• [WORK ORDER] Where a picture appears in the data below, exclude it; restate everything else word for word.

• [RECORDED INFORMATION]

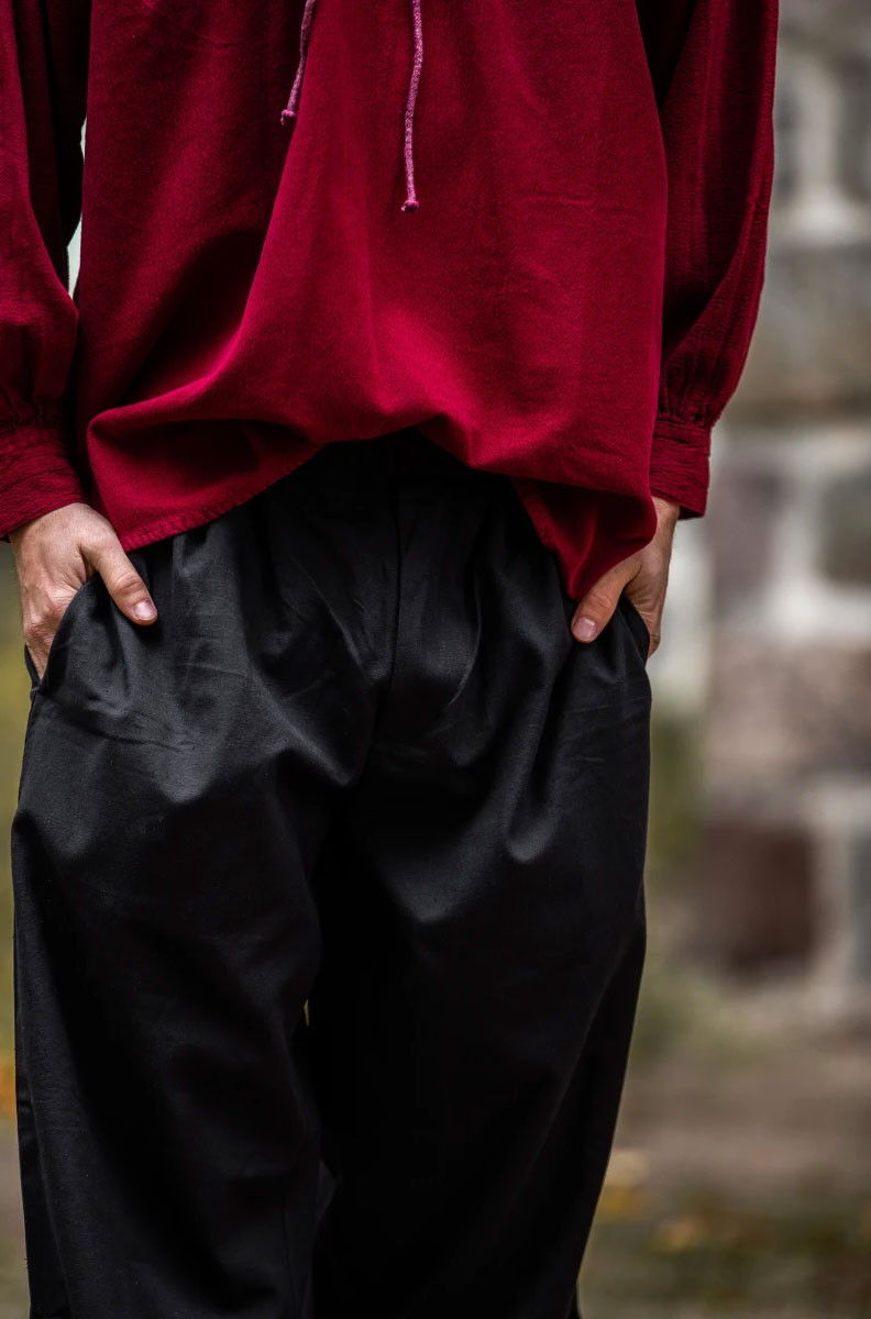 If you are looking for pirate pants that will make you stand out on any occasion, the Vincent model is just what you need. Made of 100% cotton and available in black, these pants have a cut that reaches below the knees, giving a touch of originality and style to your look.
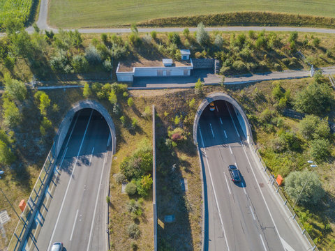 Aerial view of tunnel entrance of highway in Switzerland
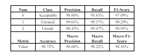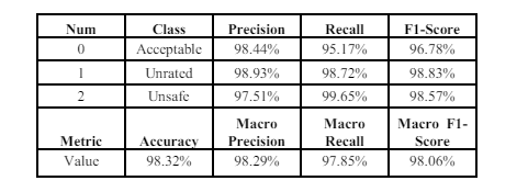 -Label encoding (0, 1, 2) for multi-class labels (‘Acceptable’, ‘Unrated’, ‘Unsafe’).
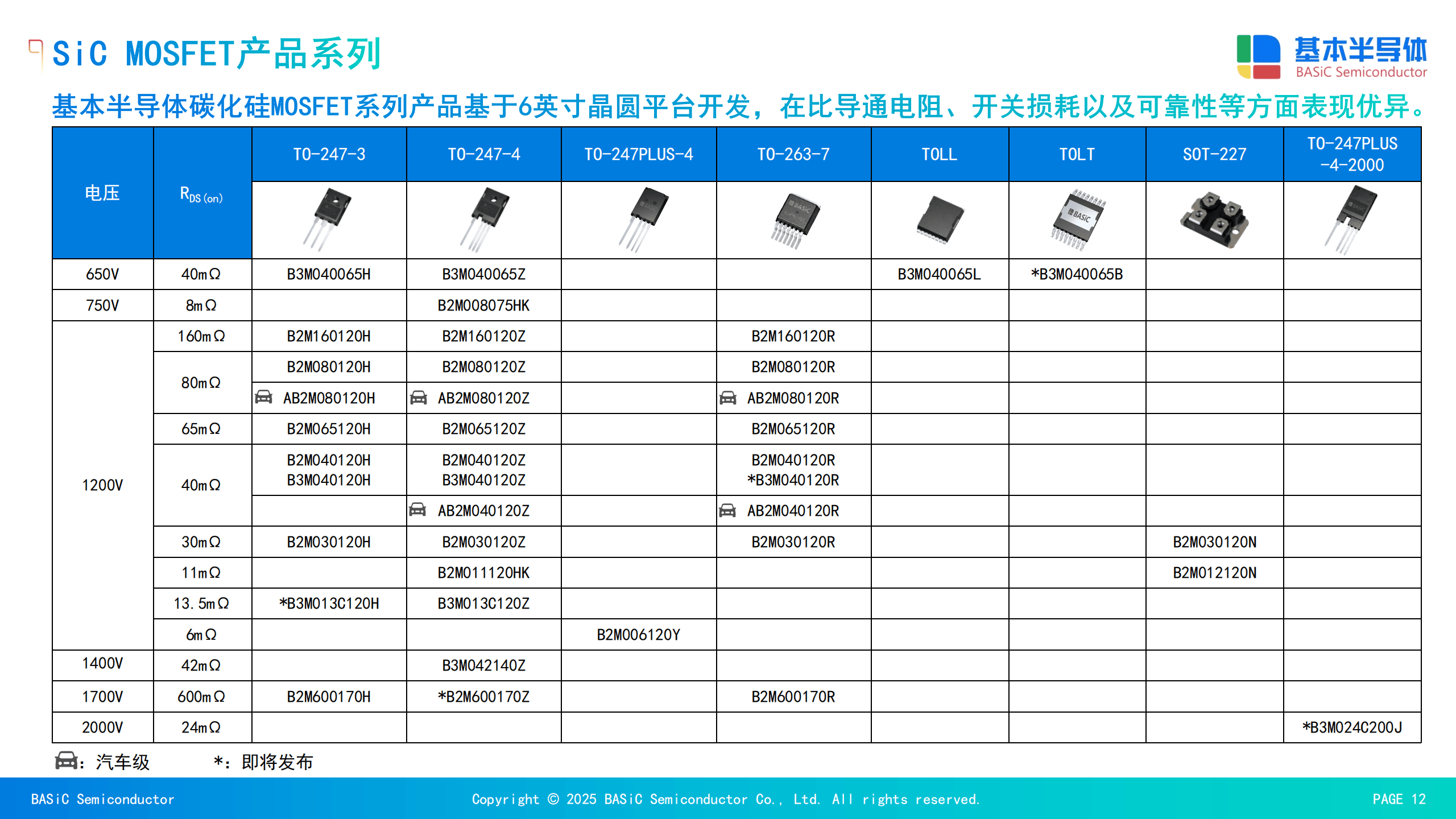 基本半导体针对不同功率等级和应用需求,构建了完整且梯度清晰的SiC功率半导体产品矩阵。该产品线主要由BMF系列SiC MOSFET模块和B3M系列SiC分立器件构成,提供了从分立式封装到高功率模块的全面解决方案。

• [ANSWER BELOW]
 If you are looking for pirate pants that will make you stand out on any occasion, the Vincent model is just what you need. Made of 100% cotton and available in black, these pants have a cut that reaches below the knees, giving a touch of originality and style to your look.
 Aerial view of tunnel entrance of highway in Switzerland
 -Label encoding (0, 1, 2) for multi-class labels (‘Acceptable’, ‘Unrated’, ‘Unsafe’).
 基本半导体针对不同功率等级和应用需求,构建了完整且梯度清晰的SiC功率半导体产品矩阵。该产品线主要由BMF系列SiC MOSFET模块和B3M系列SiC分立器件构成,提供了从分立式封装到高功率模块的全面解决方案。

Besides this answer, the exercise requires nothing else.